Для разрешения этого парадокса нужно иметь в виду две вещи: первое — то, что предательство, разложение, снижение стандартов и т. д. суть органические свойства цивилизации; что цивилизация есть организм, который извергает, впитывает, дегенерирует и регенерирует; и что отмирание и гниение ее частей есть цена, которую этот организм платит за свою эволюцию. Второе — что чистота идеалов жертвы есть чистота вынужденная, т. е. искусственная чистота, каковую мы не согласились бы променять ни на малейшую из наших свобод, а природа нашего влечения к культурным стандартам этой жертвы — чисто элегическая, поскольку стандарты эти принадлежат прошлому цивилизации, которые идеологическая тирания сохраняет, так сказать, в холодильнике. Живая рыба пахнет всегда; мороженая — только когда ее жарят.
К концу своей статьи Милан Кундера пишет: «Лицом к лицу с вечностью русской ночи я пережил в Праге насильственный конец западной культуры именно так, как это представляли на заре современной эпохи, опирающейся на индивидуум и его разум, на плюрализм мышления и на терпимость.
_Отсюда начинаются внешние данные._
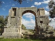Septimius Severus’s arch, which is heavily damaged, stands close to the mausoleum and on the route leading from Carthage to Théveste.[52] It was erected in AD 205.
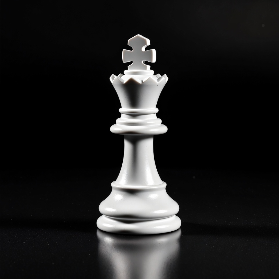 A white king chess piece stands prominently against a solid black background. The piece features a detailed cross on top, ornate crown, and classic base. It is centered and isolated for a clean, striking visual.
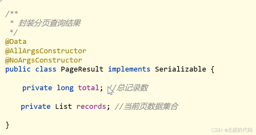 PageResult 是苍穹外卖中封装分页查询结果的一个通用类,里面的泛型 <T> 是为了让这个类能适用于任何类型的实体。
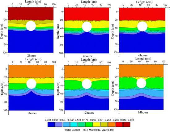 The HYDRUS-2D/3D model was used to investigate the water distribution in soil column with loess cavity for comparing to the experimental results. Figure 12 shows the spatial distributions of water contents in every two hours. As the evident of Table 2, the root mean square errors (RMSE) correspond to 6.94, 2.62, 1.88, 1.6, 1.72, 1.87, and 2.72 between the simulated and measured water
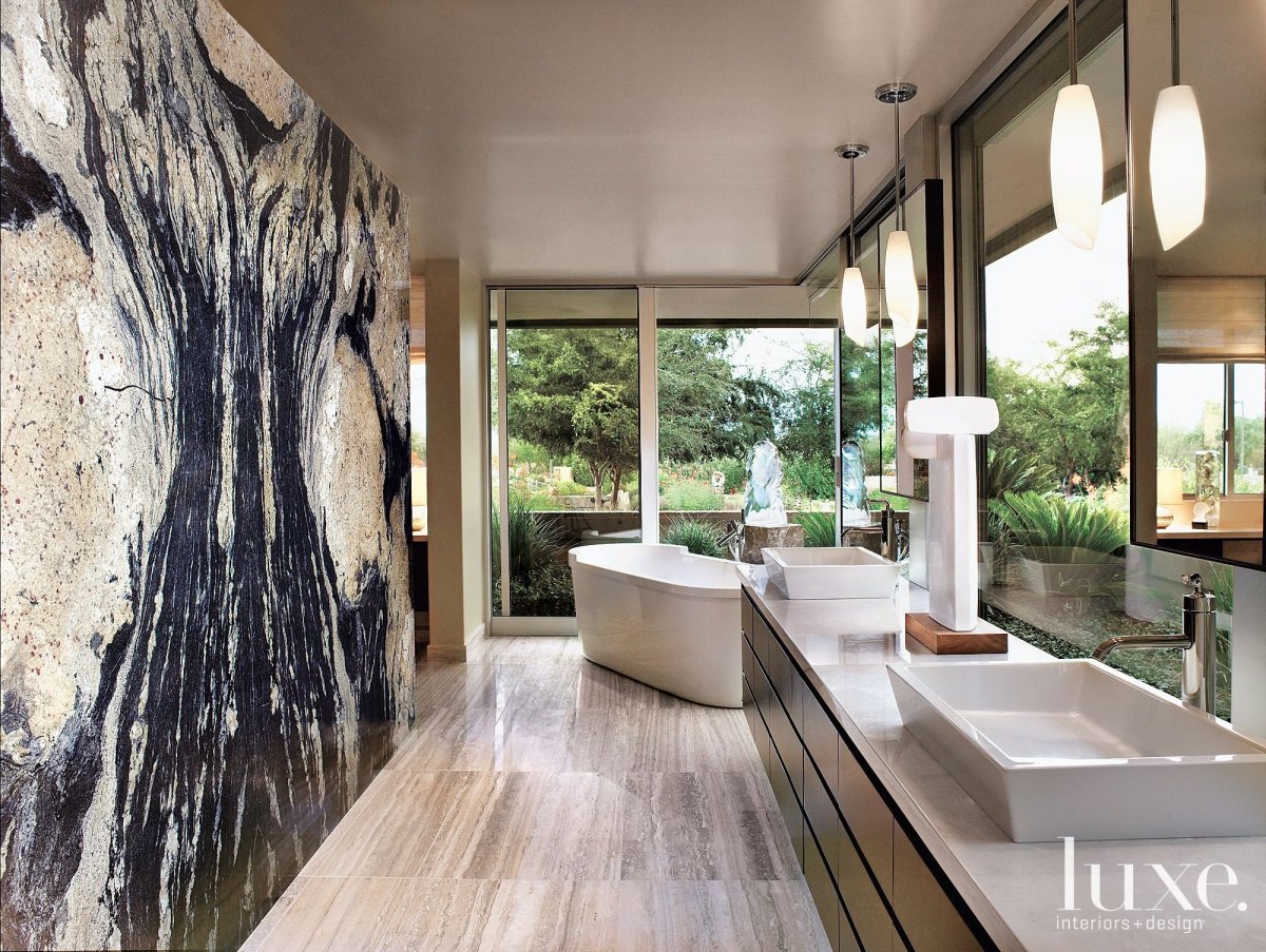 32. Сочетание мрамора и дерева в интерьере гостиной

В маленькой западной стране я испытал конец Запада. То было величественное прощание».
Звучит возвышенно и трагично, но это — чистой воды театр. Культура гибнет только для тех, кто не способен создавать ее, так же, как нравственность мертва для развратника. Западная цивилизация и ее культура, включая кундеровские понятия, строились, прежде всего, на принципе жертвы, на идее человека, который принял за нас смерть. Оказываясь в опасности, западная цивилизация и ее культура всегда находят в себе достаточно решимости, чтобы вступить в борьбу с врагом, даже если враг этот — внутри. Во многих отношениях последняя мировая война была гражданской войной западной цивилизации. В кровопускании мало хорошего; его нельзя даже и квалифицировать как жалкую попытку подражания Христу; но покуда человек готов принять смерть за свои идеалы, идеалы эти живы, цивилизация жива.
Рано нам прощаться с западной культурой; рано даже в Праге, хотя бы из-за Яна Палаха, чешского студента, публично подвергшего себя самосожжению в январе 1969 года, протестуя против советской оккупации. «Русская ночь», опустившаяся на Чехословакию, не намного темнее той, в 1948 году, когда агенты советской госбезопасности выбросили из окна Яна Масарика. Ту ночь Милану Кундере помогла пережить западная культура, той ночью он полюбил Дени Дидро и Лоуренса Стерна и их смехом смеялся. Смех этот, впрочем, был такой же привилегией человека свободного, как и печали Достоевского.
ПРЕДИСЛОВИЕ К АНТОЛОГИИ РУССКОЙ ПОЭЗИИ XIX ВЕКА[40]
Подобно многим закрытым книгам, XIX век никогда не был как следует прочитан. Собирая пыль, стоит он на полке времени, доступный нашему любопытству, но прикасаются к нему редко. Возможно, это происходит оттого, что когда ни надумаешь заглянуть в него, всегда обнаруживаешь на его страницах почти все прозрения и идеи, которые наш век объявил своими достижениями. Если даже захочешь сделать исключение для современных представлений о скорости, о качественном ускорении, неизбежно приходишь к выводу, что и это там было — об этом позаботилась тогдашняя музыка: престо любой бетховенской сонаты можно без труда использовать в качестве музыкального сопровождения к «Звездным войнам».
Издатель более благоразумный, чем время, конечно же, выпустил бы это столетие в нескольких томах вместо того, чтобы загонять Наполеона и королеву Викторию (или Шелли и Достоевского) под одну обложку. Однако самое интересное в этом вымышленном издании не столько разнообразие содержания, сколько то, как оно не позволяет нам быть крепкими задним умом. Предшествующее столетие упрямо отказывается становиться нашим прошлым, посрамляя наш нынешний уровень способности к продолжительному вниманию и навязывая нам сосредоточенность такой интенсивности, какая нам не часто по силам. Режим умственной деятельности, предлагаемый нам писателями XIX века, компрометирует современность до такой степени, что начинаешь подозревать, а не имела ли она уже место на их страницах, не использовали ли они ее уже в своих сочинениях, — до степени некоего грамматического.
Уже одной этой ее способности — колебать наши представления о причинно-следственных отношениях — было бы достаточно для того, чтобы объявить книгу XIX века закрытой. В конце концов, именно это столетие как бы сформулировало концепцию биологического детерминизма. Кроме того, чувство превосходства, испытываемое живыми и присутствующими перед мертвыми и отсутствующими (чувство, обычно выражаемое хронологией), предполагает само по себе, что для того, чтобы вполне постичь столетие, потребуется, может быть, еще одно столетие.